Knowing that the full scene can be viewed anyway may lead some people to question why Murphy would make these cuts in the first place. If part of perpetuating American’s gun violence epidemic involves our unwillingness to face its consequences head on, why not leave the episodes as they are and let them air?

There’s no single answer to those question, because a matter of putting each episode, and event, into context.

Yanking or delaying television scheduled in close proximity to a mass shooting is a lot easier to do than editing one. In July 2016, the debut of USA’s television adaption of “Shooter” was postponed by a week after a sniper gunned down five police officers in downtown Dallas.

Days after the bombing of the Boston Marathon in April 2013, NBC’s “Revolution,” ABC’s “Castle, and episodes of “New Girl” and “Family Guy” were delayed or swapped out in a show of respect to victims. Even “Friends” had to reshoot a scene after 9/11 because of a gang involving a bomb. Before that, in April 1999, the mass shootings at Columbine High School prompted The WB to shelve two episodes of “Buffy The Vampire Slayer,” eventually airing them over the summer. The list is longer than this, expanding back to the earliest days of television to include “The Alfred Hitchcock Hour” and “The Joey Bishop Show.”

The case of “AHS: Cult” bears more similarities to a fate that befell a 2013 episode of NBC’s “Hannibal,” titled “Ceuf,” which was removed from the on-air schedule entirely following the Boston Marathon bombing. It was then sliced down to include only the elements necessary to bridge the plot between what happens in the hour before and what comes after, and surfaced online. Of course, like the original “Mid-Western Assassin,” if you want to see the entire meal you can track it down.

Mind you, there are cases where networks can overreact; as recently as June of this year, NBC pulled an episode of “The Carmichael Show” called “Shoot-Up-Able” after a gunman opened fire on a congressional softball practice session in Virginia. In it, the main character gets home late and blithely explains to his girlfriend he was held up by a mall shooting, intent on going about his day as if nothing unusual had occurred.

Similarly, “Shoot-Up-Able” is presented like a regular comedy episode, including peals of laughter from the studio audience, all of which feels weird and off-putting. Only by watching the denouement does the viewer understand that the disconnect between the comedy and the horror is done on purpose.

“Shoot-Up-Able” is a response to gun violence that posits anytime this happens, we’re all victims – and it warns that the sheer frequency of mass shootings can have the effect of numbing us to the depravity of it, of making it commonplace.

Editing “Mid-Western Assassin” serves a similar purpose, though with slightly different reasons. “AHS: Cult” is utterly baroque in its presentation gore.
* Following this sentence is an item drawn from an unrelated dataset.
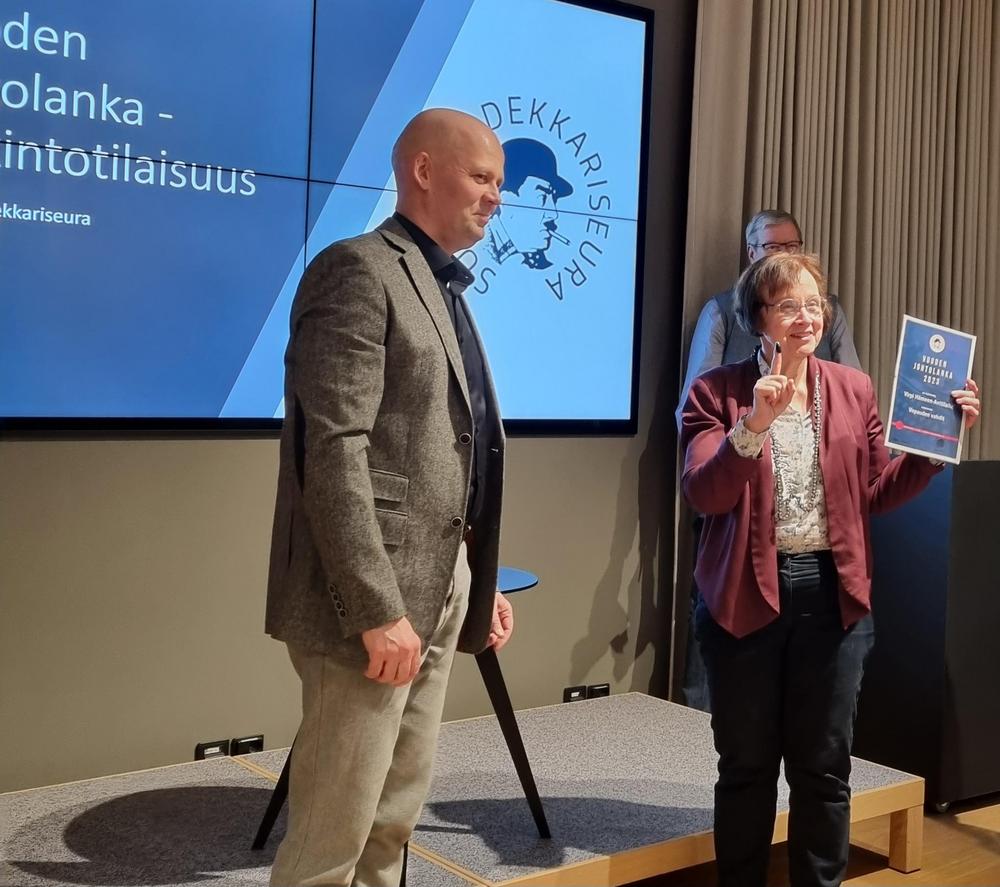 "Olimme aivan häkeltyneitä kuullessamme tästä harvinaisesta kunnianosoituksesta. Kun katsoimme Dekkariseuran sivuilta aikaisemmat voittajat, olimme entistä häkeeltyneempiä. Voittajien joukossa oli laajan tuotannon tehneitä kirjailijoita sekä Matti Kassila. Ja nyt me olemme ikään kuin samassa nipussa. Blue Moon -kustantamon tarina on pitkä. Ulla oli 1990-luvulla sanomalehti Keskisuomalaisen dekkarikriitikko. Raahasimme Ullan kanssa Lontoosta matkalaukullisen dekkaripokkareita ja olimme hyvin kartalla siitä, mitä maailmalla julkaistiin. Ulla ihmetteli minulle, miksi tätä ja tuota ei julkaista suomeksi. Tältä pohjalta aloitimme julkaisutoimintamme. Kaupallista menestystä emme koskaan saavuttaneet mutta pystyimme jatkamaan toimintaamme, koska ei se tappiollistakaan ollut. Tämä palkinto on meille tärkeä, koska saamme tämän myötä asiantuntijoiden kiitokset tekemästämme työstä. Olemme otettuja ja kiitollisia tästä kunnianosoituksesta."

It hosts a Grand Guignol-level of exploitation, here to inflate the absurdity of America’s fetishizing of violence and blood and, yes, guns.

It also had the miserable coincidence of being scheduled a week after the worst mass shooting committed by a single yet in American history. It would have come at the tail of unceasing replays of mobile-phone footage of the horror as it happened, of analysts struggling to pinpoint a reason for it all, of waves upon waves of screaming about the appropriateness of gun control. Reality has already depressed many of us into a state of near catatonia, so what purpose would it serve to shows us fictionalized carnage on top of all that, in full?

FX and Murphy had the choice between editing and running Tuesday’s “AHS: Cult” episode, or cowering by delay or omission. They chose the former, and handling it with careful consideration, losing none of the horror for their efforts.